I've got large amount of data (e.g. 100K) and I want to cluster them in very fine-grained clusters (e.g. 10K). I look for an appropriate algorithm that uses the similarity function instead of whole data and also I can't compute whole similarity matrix because of data scale. Python implementation is appreciated.


You are facing some scalabiliy issues here. Most clustering algorithms run in $O(n^2)$ or worse (most hierarchical clustering are implemented in $O(n^3)$); many even have an $O(n^2)$ memory requirement.

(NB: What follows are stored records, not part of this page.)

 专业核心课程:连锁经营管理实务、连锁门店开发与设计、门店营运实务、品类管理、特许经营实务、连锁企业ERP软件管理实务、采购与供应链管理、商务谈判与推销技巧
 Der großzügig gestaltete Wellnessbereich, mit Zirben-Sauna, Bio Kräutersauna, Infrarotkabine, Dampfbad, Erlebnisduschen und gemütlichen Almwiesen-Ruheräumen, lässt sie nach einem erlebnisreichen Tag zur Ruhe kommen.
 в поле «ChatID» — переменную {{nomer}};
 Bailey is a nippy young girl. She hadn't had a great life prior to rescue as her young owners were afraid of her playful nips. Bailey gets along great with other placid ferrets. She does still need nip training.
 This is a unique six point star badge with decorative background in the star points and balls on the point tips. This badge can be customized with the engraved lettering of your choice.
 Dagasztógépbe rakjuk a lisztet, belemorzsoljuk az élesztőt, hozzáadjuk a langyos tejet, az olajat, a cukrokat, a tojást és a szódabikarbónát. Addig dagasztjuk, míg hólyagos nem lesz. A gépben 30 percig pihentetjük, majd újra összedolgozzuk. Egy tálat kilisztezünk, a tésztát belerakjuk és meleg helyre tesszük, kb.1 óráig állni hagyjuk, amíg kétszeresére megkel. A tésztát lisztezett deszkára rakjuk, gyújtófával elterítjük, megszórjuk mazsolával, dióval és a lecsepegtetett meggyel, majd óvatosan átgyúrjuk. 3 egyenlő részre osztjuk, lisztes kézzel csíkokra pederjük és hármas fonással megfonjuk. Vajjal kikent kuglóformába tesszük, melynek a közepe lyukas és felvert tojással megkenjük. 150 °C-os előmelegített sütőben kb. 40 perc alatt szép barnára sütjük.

The only algorithms with a better runtime that right now come into my mind are DBSCAN and OPTICS: with an appropriate index structure these can run in $O(n \log n)$ and only need linear memory. However, if you do not have an appropriate index they also will be in quadratic runtime. And I don't know if there is a good index structure for textual similarity. Furthermore, you cannot specify the number of clusters you want to get out. They are meant to find structure in the data, not just partition it "somehow". They also will produce noise points they do not consider to be part of any cluster.

And of course there is k-means. It's runtime is linear in n: $O(n*k*i)$. But since you plan to use a very high value of k, and in particular i*k>n will likely hold, you are essentially quadratic, too.

Furthermore, as you are working with sparse data, you will need a variation of k-means known as "spherical k-means". And even then, there is quite some doubt whether or not the results of k-means are very meaningful. The problem is that the means will no longer be sparse. They are not real "text" either, obviously. So to some extend they are quite anomalous. So in my opinion, k-means is quite okay if you just need to partition your data set somehow, but I do not consider this to be cluster analysis. It will no longer partition the data according to some inherent structure of the data that the algorithm identified. Instead, it just tries to optimize the mathematical criterion of the sum-of-squared-deviations, which often has an unclear relationship to whatever "structure" there is in the data.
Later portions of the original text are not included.